エリンがこういう場に来るのは珍しいらしく一部の隊員さん達が色めき立つが、本人は全く意に介さない。
これぞ大人の余裕、って感じだ。
店主のお姉さんと挨拶を交わすと、随分早かったなと驚くイゾウさんに取るもとりあえずロビーに居た男たちの事を話した。
「そう云う事なら…ちょっと待ってな」
するとイゾウさんはサッチの所へと向かい、横にいた女性を問答無用で脇へ押しやって何やら話し始める。

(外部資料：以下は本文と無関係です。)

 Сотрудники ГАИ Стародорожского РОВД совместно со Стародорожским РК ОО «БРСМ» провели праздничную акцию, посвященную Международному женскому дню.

あからさまに不満げな顔の女性が真近でイゾウさんを見た途端、急に目の色を変えて艶っぽい目線を送り始めたのが私としては不満で…そんな目で見ないでと心の中で叫ぶ。
そんな私に気付いたエリンがクスリと笑う。
思ってたより随分と心が狭いな、私。
サッチが親指を立てて頷き、イゾウさんがこちらに戻ろうとした時。
その女性が袖に触れようとしたけれど、イゾウさんがそれを許さなかった。すかさずフォローに回ったサッチが可笑しくて、エリンと二人遠慮なく笑ってしまった。
「確かに、サッチ隊長が適役ね」
「どういう事??」
「こう云うのは、ベッドの上で女に喋らせるのが手っ取り早ェ」
戻って来たイゾウさんが話の続きを受ける。
随分と乱暴な話だけど、でも…
「あーなるほどね…なんか凄く納得」
夜の仕事の女性なら、裏の情報にも多少は通じているんだろう。そして世の女性の大半はお喋りで、当たり障りの無い相手…例えば一晩限りの男…なら、口も滑らかになりやすい。

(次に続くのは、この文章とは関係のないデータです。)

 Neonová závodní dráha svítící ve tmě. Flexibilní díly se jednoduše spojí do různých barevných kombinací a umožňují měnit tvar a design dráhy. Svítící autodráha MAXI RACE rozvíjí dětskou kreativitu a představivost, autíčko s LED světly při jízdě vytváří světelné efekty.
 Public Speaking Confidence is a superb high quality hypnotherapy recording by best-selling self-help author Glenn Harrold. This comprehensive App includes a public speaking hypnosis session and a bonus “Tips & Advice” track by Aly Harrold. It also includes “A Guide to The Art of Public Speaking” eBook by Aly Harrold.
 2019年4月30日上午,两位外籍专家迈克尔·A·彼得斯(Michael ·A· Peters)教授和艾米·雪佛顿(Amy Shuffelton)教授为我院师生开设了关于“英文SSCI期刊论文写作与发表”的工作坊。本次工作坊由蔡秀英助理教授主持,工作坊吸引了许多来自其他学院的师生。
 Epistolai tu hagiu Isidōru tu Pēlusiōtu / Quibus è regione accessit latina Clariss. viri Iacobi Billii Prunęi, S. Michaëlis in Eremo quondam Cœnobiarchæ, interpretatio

サッチにも…お持ち帰りの大義名分が出来て、一挙両得な訳だ。
「アイツはネタを持ってる女を見極めるの“だけ”はな、上手ェんだよ」
「へぇ…」
「確かに、人を見る目“だけ”は有るわね。サッチ隊長は」
そう云えば私が身体を鍛えてた事に最初に気付いたのって、サッチだったな。
散々な言われ様とは知らないサッチは、上機嫌だ。フォローが功を奏したらしい。
あ、まさか以前にはイゾウさんも……いや、過去をいちいち気にしても…
カラン、と氷がグラス内で踊る音に思考が中断される。
「…それで、本題よね…ゆっくり見ないと分からないけど、今一つだけ言えるのは」
「あ、うん?」
エリンの目線が耳元に注がれているのに気付き、慌てて髪を耳にかける。
ぼんやりしてる間に、その話題になっていたらしい。エリンに来て貰った目的をすっかり忘れていた。

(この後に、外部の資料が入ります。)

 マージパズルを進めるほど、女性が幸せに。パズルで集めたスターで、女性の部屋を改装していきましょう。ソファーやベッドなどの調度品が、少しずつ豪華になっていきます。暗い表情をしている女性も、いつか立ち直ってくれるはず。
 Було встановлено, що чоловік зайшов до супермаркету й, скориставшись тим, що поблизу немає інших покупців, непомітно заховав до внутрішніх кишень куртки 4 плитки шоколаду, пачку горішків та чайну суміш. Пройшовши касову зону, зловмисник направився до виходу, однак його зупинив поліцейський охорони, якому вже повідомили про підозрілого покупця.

「その石には、護りの意味があるの。大切な相手に贈ったりするわ」
それはつまり、私の事を大切に想ってくれた誰かが…と云う事…?
ツキン、と心に針が落ちる。
イゾウさんに、聞かれたくなかった。
誰かが誰なのかは分からないけれど、その意味が、想いが、共通なのだとしたら…
さっきから後ろ向きの思考ばかりな自分に気付くも、嵌りかけたループから抜け出せない。
「じゃあ私はこれで戻るわね」
「…もう?ごめんね、せっかく来てくれたのに」
「気にしないの。いつでもモビーで話せるわ。イゾウ隊長、お先に」
「あァ」
立ち上がったエリンにモビーまで送ると言おうとしたら、我先にと数人の隊員さんが駆け寄った。心配は要らないみたいだ。
「おやすみなさい、ありがとうエリン」
振り返らずにヒラヒラと手を振るエリンの後ろを、ドタバタと騎士たちが付いて行く。
その流れに乗ってサッチがお姉さんと出て行った。不思議と頼もしく見えたその背中に、上手く行く様にと心の中で手を合わせた。
「心配いらねェよ」
「…うん」
「で、話の続きはどうした?」
「え?」
膝の上でぎゅっと握りしめた両手にそっと、イゾウさんの手が添えられる。
「リリィにしては話がちぐはぐだし、所々飛んでたからな」
「…イゾウさんには敵わないや。でも、気付いてくれて嬉しい」
えへへ、と笑ったら不意にじわりと滲んだ目元を誤魔化す為に、緩く唇を噛んで天井を見上げて口を開いた。
「本当に、よく分からないんだけど……」
また何処からとも無く湧いてきた嫌なノイズがぎりぎりと心を掻き毟りそうになる度、イゾウさんの手がそっと制してくれた。